Johnson dismissed McKinney's attacks on him as "desperate" and sought, as he has throughout the campaign, to put the focus on McKinney, calling her the "candidate of polarization and divisiveness" with a "pitiful" record as a legislator.
"She can't work with people," he said. "If you can't work with people, you can't get anything done in Congress. I'm going to be an effective legislator. I'm not going to be a divisive one who polarizes and divides people and then sits back and does nothing."
He also dismissed McKinney's charge that he is too cozy with Republicans.
"I am a lifelong Democrat. I'm a progressive Democrat," he said.
"Congresswoman McKinney knows that I'm a Democrat. And so this is another desperate attempt by a desperate candidate."
A run-off election was triggered after neither candidate emerged with 50 percent of the vote on July 18. McKinney won 47 percent of the vote, while Johnson took 44 percent. They face voters a second time on August 8 and the winner is expected to win the seat in November.
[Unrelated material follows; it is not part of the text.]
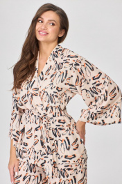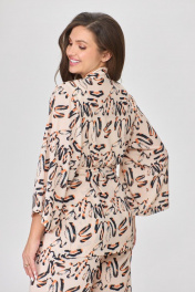 Комплект женского кимоно состоит из жакета и брюк - отличный выбор для тех, кто уважает стиль, комфорт и удобство. Изготовленный из легкой ткани, верх кимоно свободного силуэта, планка по центру переда переходит в цельнокроеную стойку. Линия плеча и проймы спущены , рукав три четверти, по низу рукава широкие манжеты, фиксируется на талии тонкими внутренними поясками. Тонкие внутренние пояски на талии обеспечивают удобство и можно сверху завязывать широкий пояс. Брюки палаццо, пояс на резинке ширина пояса 4см, по поясу в области резинки три отделочные строчки. Это непревзойденный вариант для женщин, которые следят за своим стилем. Брюки женские праздничные идеально подходят для летнего офиса, а также вечернего выхода. Нотки турецкого стиля в ритме современных тенденций. В отличии от костюма с юбкой, он сочетает в себе японское наследие и современный турецкий дизайн. Приобретая женский брючный комплект Abbi вы получаете, дизайнерский костюм, кимоно с длинными рукавами и широкими брюками, выполненными из легкой ткани, которая не сковывает движения в жаркую погоду. Комфортная и элегантная одежда для повседневной носки или для посещения пляжа. Универсальный костюм, который можно носить как деловой, так и нарядный стиль. Широкий выбор размеров и цветов позволит выбрать идеальный вариант именно для вас. Оригинальность и стиль - гарантированы. Костюм в других цветовых решениях доступен для преобретения по артикулом 5005. Замеры: ОГ-обхват груди; ОТ-обхват талии; ОБ-обхват бедер; ДИ-длина изделия; ДР-длина рукава; ДИВ-длина изделия внутренний шов; ШБ-ширина брючин. Размер 44. ОГ-100; ОТ-84; ОБ-102; ДИ-75,5; ДР-50. ОТ-62 ; ОБ-102 ; ДИ-106; ДИВ-76 ; ШБ-59 . Размер 46. ОГ-104 ; ОТ-88; ОБ-106; ДИ-76; ДР-50. ОТ- 66; ОБ-106 ; ДИ-106,5; ДИВ-76,5 ; ШБ-59,5 . Размер 48. ОГ-108 ; ОТ-102; ОБ-110; ДИ-76; ДР-50. ОТ- 70; ОБ-110 ; ДИ-107; ДИВ-77 ; ШБ-60 . Размер 50. ОГ-112 ; ОТ-106; ОБ-114; ДИ-76,5; ДР-50. ОТ-74 ; ОБ-114 ; ДИ-107; ДИВ-77 ; ШБ-60 . Размер 52. ОГ-116 ; ОТ-110; ОБ-118; ДИ-76,5; ДР-50. ОТ-78 ; ОБ-118 ; ДИ-107,5; ДИВ-77,5 ; ШБ-60,5 . Размер 54. ОГ-120 ; ОТ-114; ОБ-122; ДИ-76,5; ДР-50. ОТ-82 ; ОБ-122 ; ДИ-107,5; ДИВ-77,5 ; ШБ-60,5 . Размер 56. ОГ-124 ; ОТ-118; ОБ-126; ДИ-77; ДР-51. ОТ-86 ; ОБ-126 ; ДИ-108; ДИВ-78 ; ШБ-61 .

Surprisingly, there was only one mention of McKinney's much publicized physical altercation in March with a Capitol Hill police officer that forced her to apologize for the incident on the House floor. A District of Columbia grand jury reviewed the case, but did not return an indictment. When asked if she thought the controversy prevented her from winning an outright majority on July 18, she responded, "The fact of the matter is, I was never charged with anything."
Incumbents appear safe but what about evolution?
Kansas voters head to the polls today and Republicans will choose candidates to challenge Gov. Kathleen Sebelius (D) and Rep. Dennis Moore (D) in November, while Democrats will pick an opponent for Rep. Todd Tiahrt (R). These incumbents are expected to win re-election in November, but political observers will still be closely watching today's election results. A battle for control of the state Board of Education is taking place with the issue of teaching evolution front and center. The New York Times has an excellent explainer in today's edition.
The Kansas Secretary of State's office will begin posting results starting at 8 p.m. ET on itswebsite.